It’s Got To Be Real

From getting it really wrong, to getting it kind of right, Stuart Lang assesses how the credibility of brands can be in the balance when they adopt movements for equality and empowerment as part of their promotional activities. This extract from Varoom 38 introduces his article.

Once upon a time, brands could measure results in terms of sales and awareness. But not anymore. Today, a brand is defined by how it makes people feel and what they associate with it. How consumers feel about a brand at any given time establishes that brands’ reputation and builds relationships.

Consumers want brands with a clear purpose. Global spending on ‘responsible consumption’ products is now $400 billion. Millennials, more than other generations, are driven by doing good – and actively seek out brands that align with their ideals.

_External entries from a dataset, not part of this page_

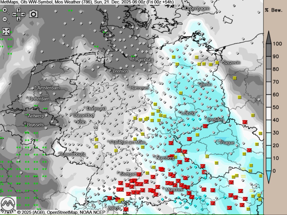 Die Temperaturen erreichen im Dauernebel im Südosten Werte um 2 Grad, sonst werden Höchstwerte um 5 Grad im Nordosten und 12 Grad am Niederrhein erreicht.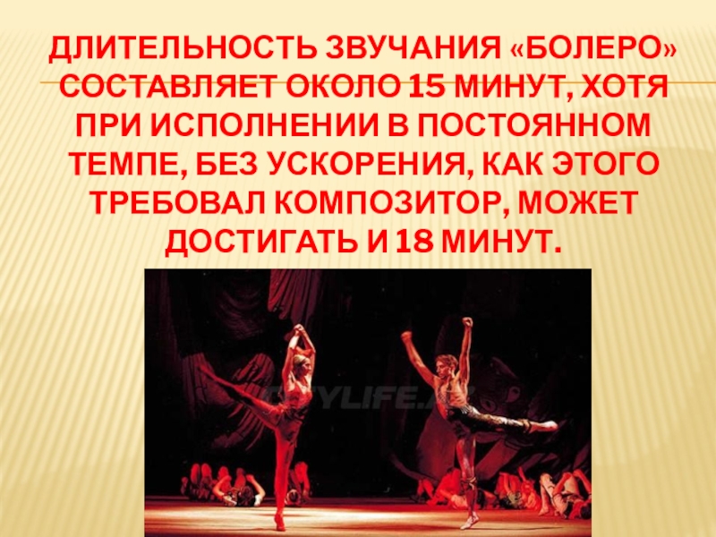 Слайд 6Длительность звучания «Болеро» составляет около 15 минут, хотя при исполнении в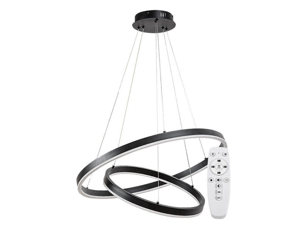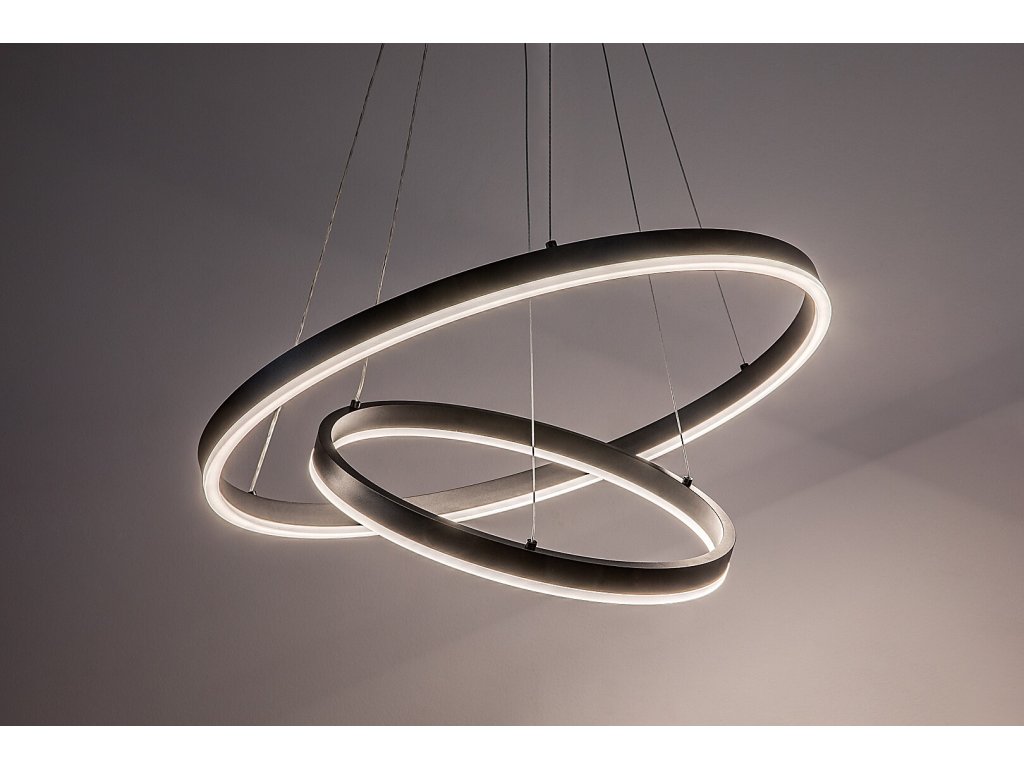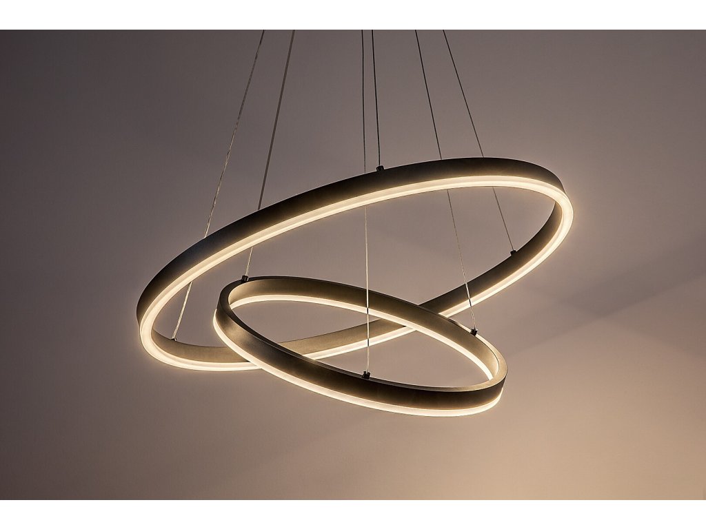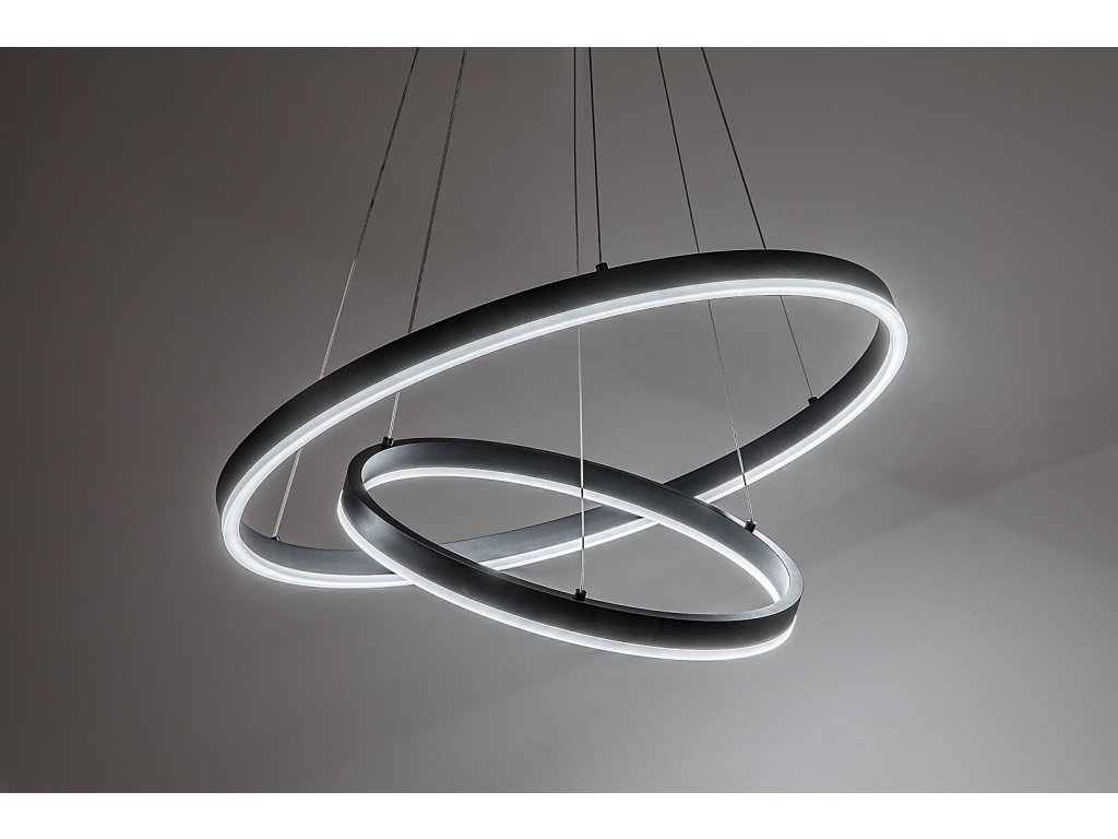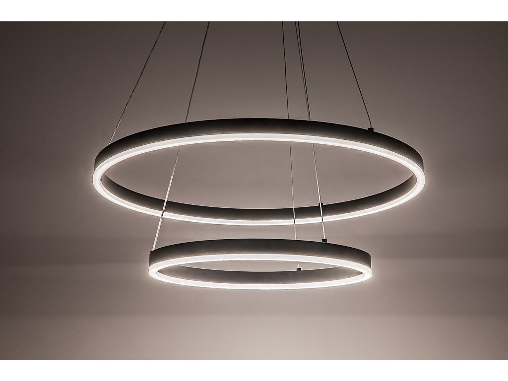 Celkový průměr většího kruhu činí 600 mm, menší kruh má průměr 400 mm. Průměr stropní základny je 180 mm a maximální výška zavěšení dosahuje 1 200 mm, přičemž délku závěsů lze při instalaci individuálně upravit podle potřeb prostoru.

Rogue Matilda charity campaign Expres-Shoe-Nism. Shoes illustrated by various illustrators

Other brands might not be quite as strong or provide as compelling a reason for people to believe in them. And so they have to work harder to give people those reasons, to change perceptions, or to surprise and delight. The obvious way to do this is to spend their way out – with a big ad campaign, through brand sponsorship, or engaging high profile ambassadors. But there is another method – to capture the zeitgeist by supporting high profile movements in order to position themselves in a more positive light to their various audiences.

Cultural and political movements like Black Lives Matter, #MeToo, Pride and International Women’s Day are hugely important initiatives that whole swathes of people support, not only because they mean lot to them on a personal level, but because they want to shape, change and build awareness globally. Brands are acutely aware how many people support these causes because they exist in the same hyper-connected era that we all do. They can’t be seen to be doing nothing when a certain cause captures their customers’ hearts and minds. But on the flip side, they can’t afford to get it wrong with a poorly executed campaign, a misplaced idea, or by being too late to the party.